Physical Implementation

Cayman is a 2.64B transistor design, manufactured on TSMC’s high performance 40nm process. Cayman’s die size has increased in tandem with the transistor count; it weighs in at 389mm2, compared to the 336mm2 Cypress, while Fermi is estimated to be ~550mm2. There is a very clear trend that AMD GPUs have grown in die size, at ~20% per generation for the last 2-3 years. The motivations are twofold. First, AMD must maintain a competitive product portfolio against Nvidia’s much larger high-end GPUs. Second, increasing die area is generally a more power efficient way to improve performance for graphics, as opposed to increasing frequency. The most power efficient way to improve performance is via fixed function hardware, but the trend for GPUs is towards generalized programmability and AMD is already much heavier on dedicated hardware than Nvidia (although less so than Intel’s integrated GPUs).

Power consumption has been a gating factor in CPU design since the 90nm node, with careful optimization of both dynamic and static power consumption. Discrete GPUs are much less power constrained. A commodity x86 CPU might draw about 130W – a limit imposed by the cost of commodity heat sink and fan combinations. High-end GPUs have steadily been increasing power consumption and currently reach in the neighborhood of 300W. However, the power consumption cannot increase forever, and 300W appears to be a limit for most GPUs – even considering the exotic cooling that is already used. GPUs recently started bumping into thermal limits, while CPUs hit them around 2004. As a result, discrete GPUs are several years behind CPUs in the latest power saving techniques, but they are now starting to explore similar techniques to grapple with the limit on power and thermal headroom.

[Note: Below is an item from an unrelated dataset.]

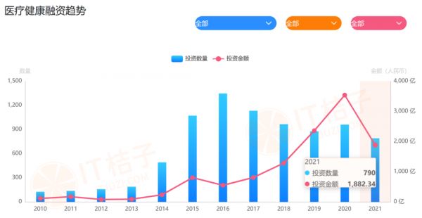 据 IT 桔子数据库,近 5 年医疗健康行业的私募股权投资交易总额迎来爆发式增长,2020 年医疗健康投资总额为 3538.49 亿元;截至今年 8 月,2021 年投资金额已超过去年总额的一半,达到 1882.34 亿元。在交易数量上,2020 年投资交易数量为 960 起;截至今年 8 月,2021 年投资交易数量为 790 起,交易数量即将追平。

Previous AMD GPUs relied on power states that are controlled by the graphics drivers and the hardware. The driver is configured with a number of profiles that correspond to different usage models (e.g. multi vs. single monitor display, 3D graphics vs. 2D, hardware decoding). Each profile can have 3 different power modes (low, medium and high). In turn, each of these modes can run at a different voltage and frequency (although not all GPUs take advantage of this). The driver contains all the configuration details for each mode, but the hardware is actually responsible for determining whether to run at high, medium or low power.

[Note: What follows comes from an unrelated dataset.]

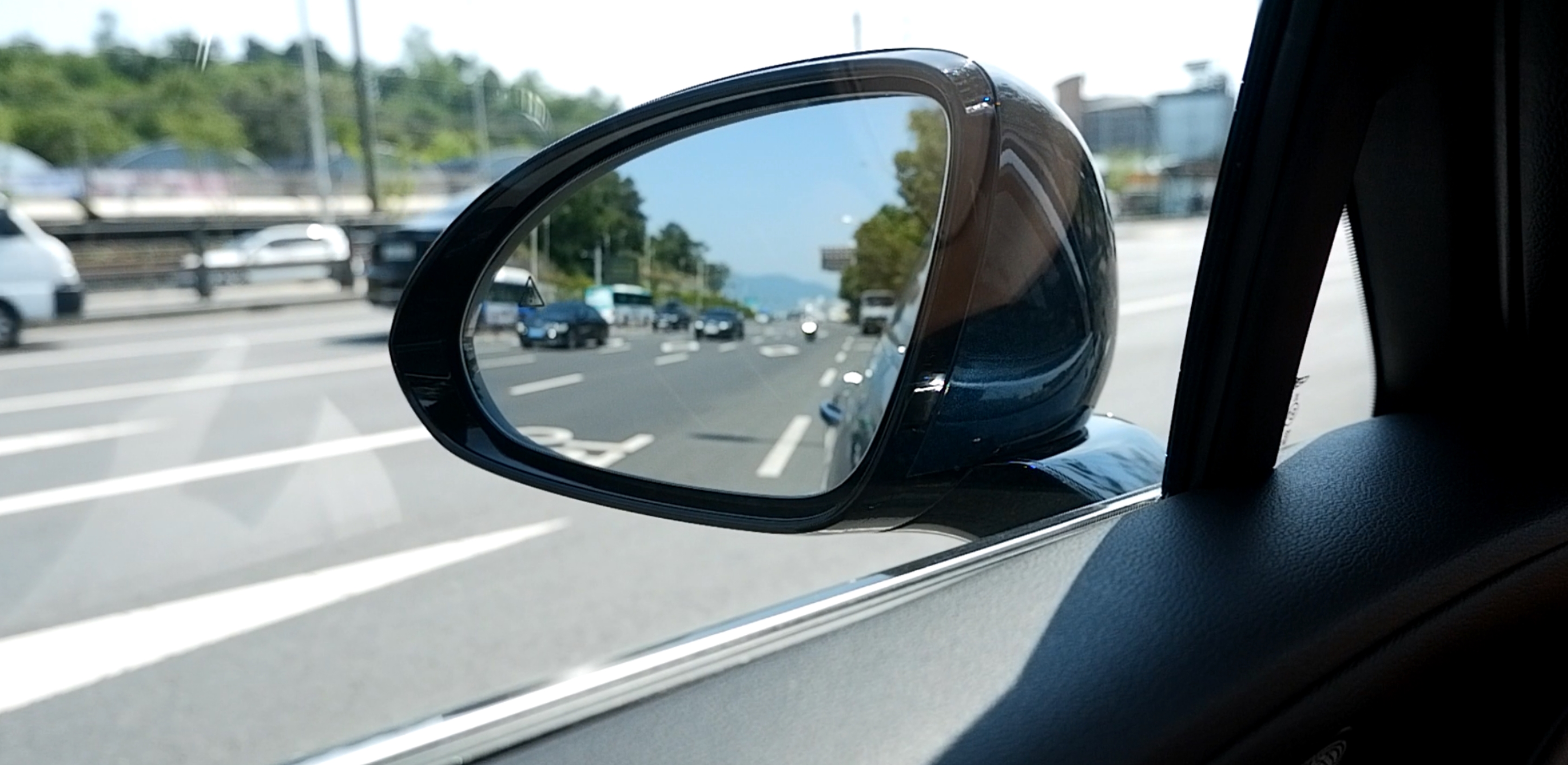 좌,우 사이드미러의 크기는 적당하며 A필러와 미러사이에 유리로 되어 있어

Cayman enhances the existing system so that the hardware power controller can dynamically adjust the frequency within a given power mode. The power management system is a simpler version of the one described at ISSCC for AMD’s 32nm Llano processor. The power controller calculates power draw by estimating the chip wide capacitance based on sampling a large number of performance counters over time. Based on the estimated power draw, the GPU will periodically adjust the frequency (but not the voltage) to stay within pre-set limits on power draw and thermal dissipation.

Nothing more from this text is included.